What is your latest book about?
“New and Selected poems” (Anvil Press, London) offers a selection from my earlier published books, together with a wad of new poems. It encompasses some unlikely topics for poetry, such as the world of business and bureaucracy.
What is your writing routine? Are there ideal conditions?
Having all of my life, worked as a civil servant, I have had to organize my writing life around my day job, which has meant a lot of red-eyed writing in the early hours — a well as more leisurely weekend writing, (poetry substituting for golf!). Ideal conditions consist of a long journey by train, with beautiful views, and passengers overheard saying things that stimulate the imagination. The train is particularly good for poetry because the rhythm the wheels becomes the rhythm of the words.
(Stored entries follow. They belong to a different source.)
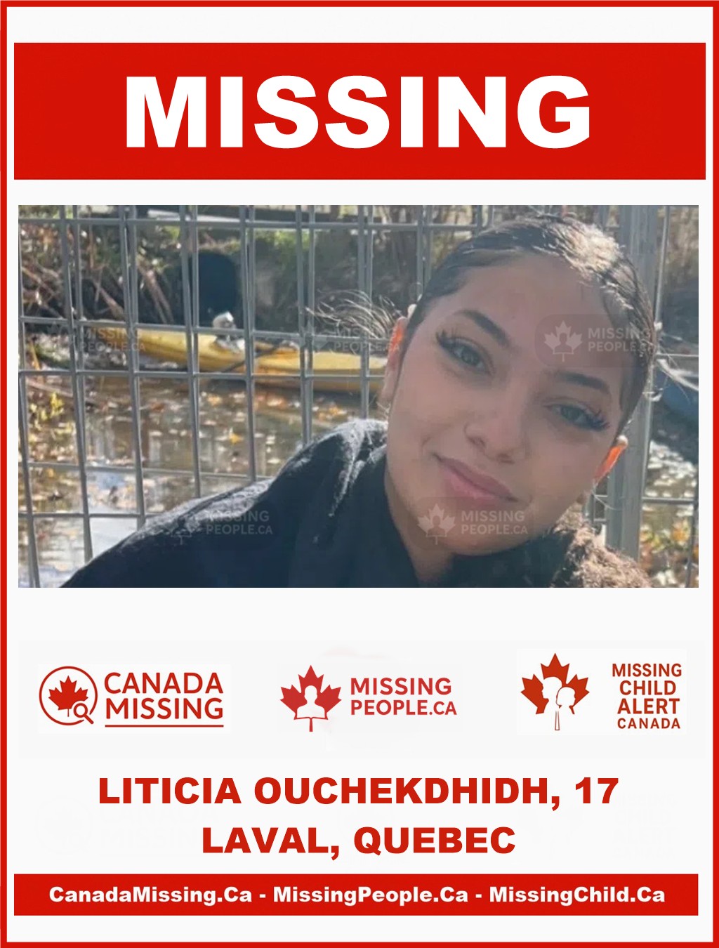 The Service de police de Laval (SPL) is requesting the public’s assistance in locating Liticia Ouchekdhidh, a 17-year-old teenager who has been missing since September 24, 2025.
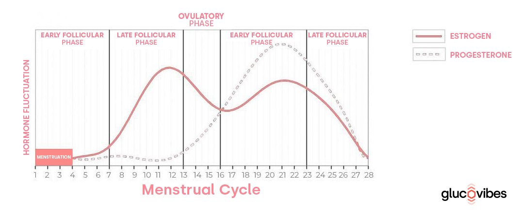 Estrogen: Promotes increased sensitivity of cells to insulin and enhances glycogen storage. Thus, during the follicular phase when estrogen levels are higher, blood glucose levels tend to decrease.
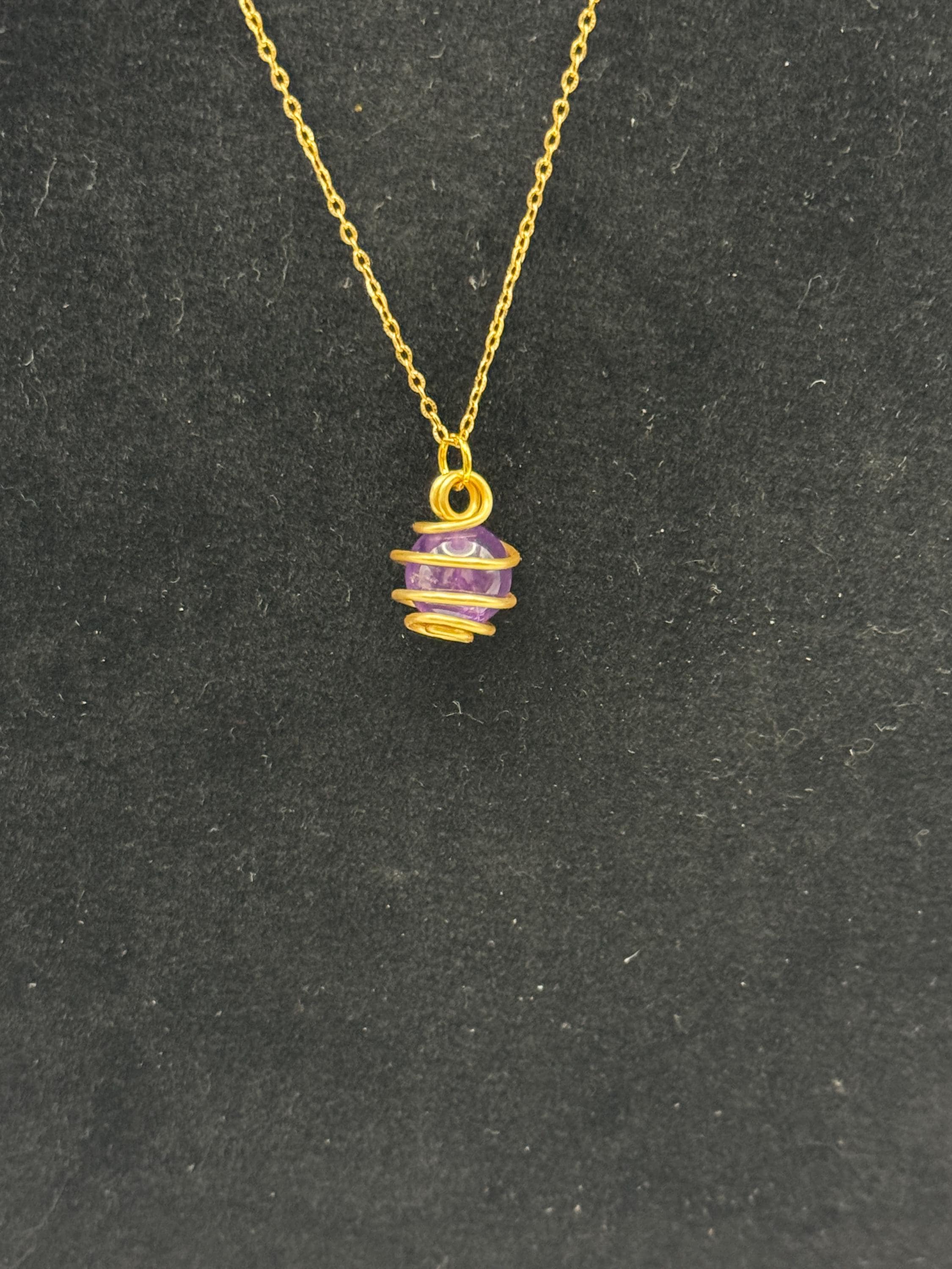 Crystal Caged Tumbled Amethyst Stone Necklace and Earring Set. Both the necklace pendant and earrings showcase small purple amethyst, round tumbled stone beads with gold non-tarnish wire wrapped design. This cute set is made with .925 gold plated earwires and an 18K gold plated stainless steel 1.2mm * 47cm chain. If you desire a longer chain or an extention added please send a request via email.
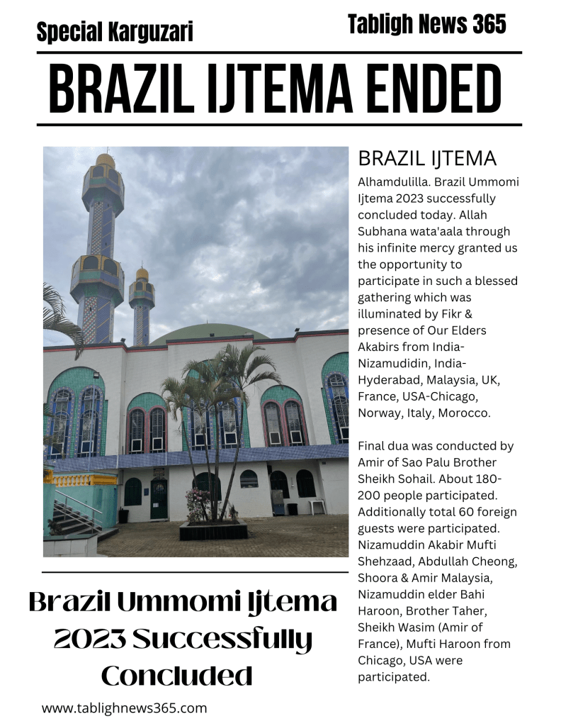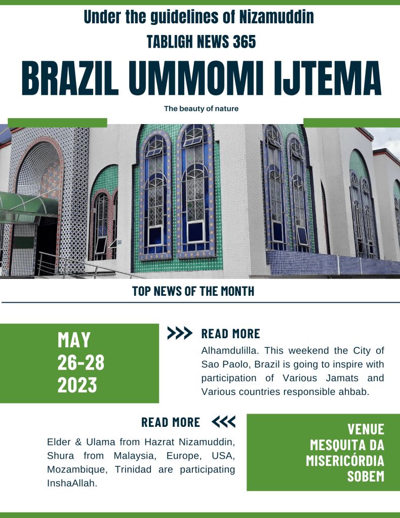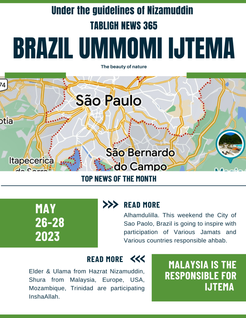 Alhamdulilla. After successfully concluded Japanese Ijtema, it is the another top Karguzari of the month of May. Brazil Ummomi Ijtema in Sao Paolo begins tomorrow on May 26, 2023 and ends on May 28, 2023 followed by dua inshaAllah.
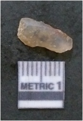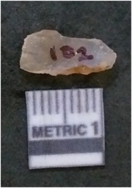| Description / विवरण | It is chalcedony flake, translucent in appearance. The piece shows sharp pointed ends and flake scars on the surface as a result of flaking. The piece shows a bulb of percussion. |
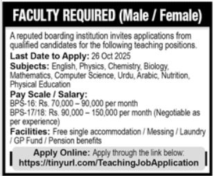 Private Institute jobs advertisement dated about 12 October 2025 in daily Jang Newspaper invites application for the vacant post of maths teacher, biology teacher, urdu teacher, physics teacher, chemistry teacher, computer science teacher, nutrition teacher, english teacher, arabic teacher and physical education teacher in Multan, multan Punjab Pakistan. Persons with Bachelor, MS and Master etc. education can apply.
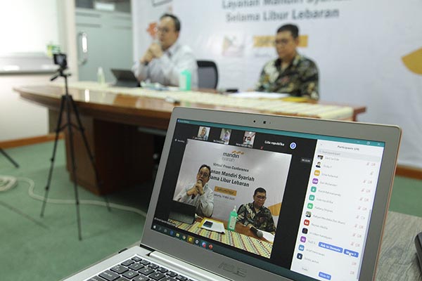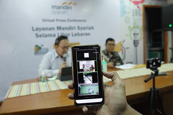 Corporate Secretary Mandiri Syariah Ahmad Reza (kiri) dan Group Head Cash, Trade and Operation Mandiri Syariah Edhie Rosman tengah melakukan konferensi pers secara virtual di Jakarta, Selasa 19 Mei 2020. Mengimbau nasabah mengoptimalkan layanan digital Mandiri Syariah Mobile, Net Banking dan ATM selama libur lebaran 1441 H. Mandiri Syariah memberikan solusi transaksi baik untuk belanja online kebutuhan lebaran ataupun pembayaran zakat melalui layanan digital yaitu Mandiri Syariah Mobile (MSM).
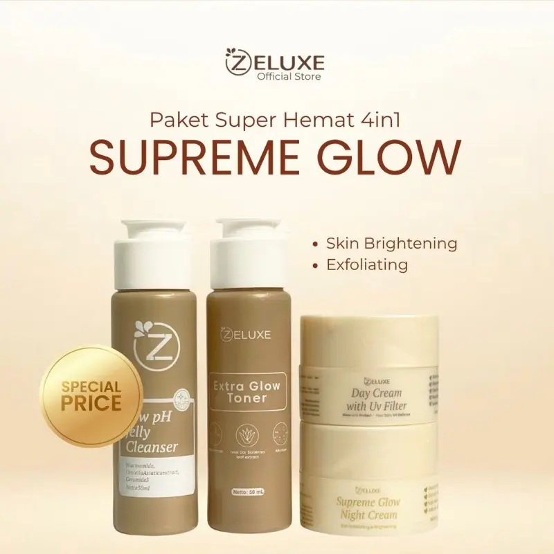 Supreme Glow Package adalah solusi perawatan kulit terbaik dari pagi hingga malam. Dirancang untuk membantu mencerahkan, melembapkan, dan menjaga kesehatan kulit Anda setiap hari. Paket ini terdiri dari:

What advice to you have for aspiring writers?
Sit around and wait to be told by the Muse or the subconscious what to write. Good writing is always effortless. The effort should be saved for revision. You take dictation from the Muse, you don’t dictate to her.
Name three books that are memorable in terms of your reading pleasure?
“Tarry Flynn” by Patrick Kavanagh, “The plays of William Congreve”, “Collective Poems” by William Butler Yeats
What book are you currently reading?
A proof copy of Thomas Lynch’s “Booking passage” has made a passage to my desk. It tells his family stories and the story of Irish America. I’m sure word of this eloquent and touching book will spread like gorse fire throughout Ireland and America
Is there a book you wish you had written?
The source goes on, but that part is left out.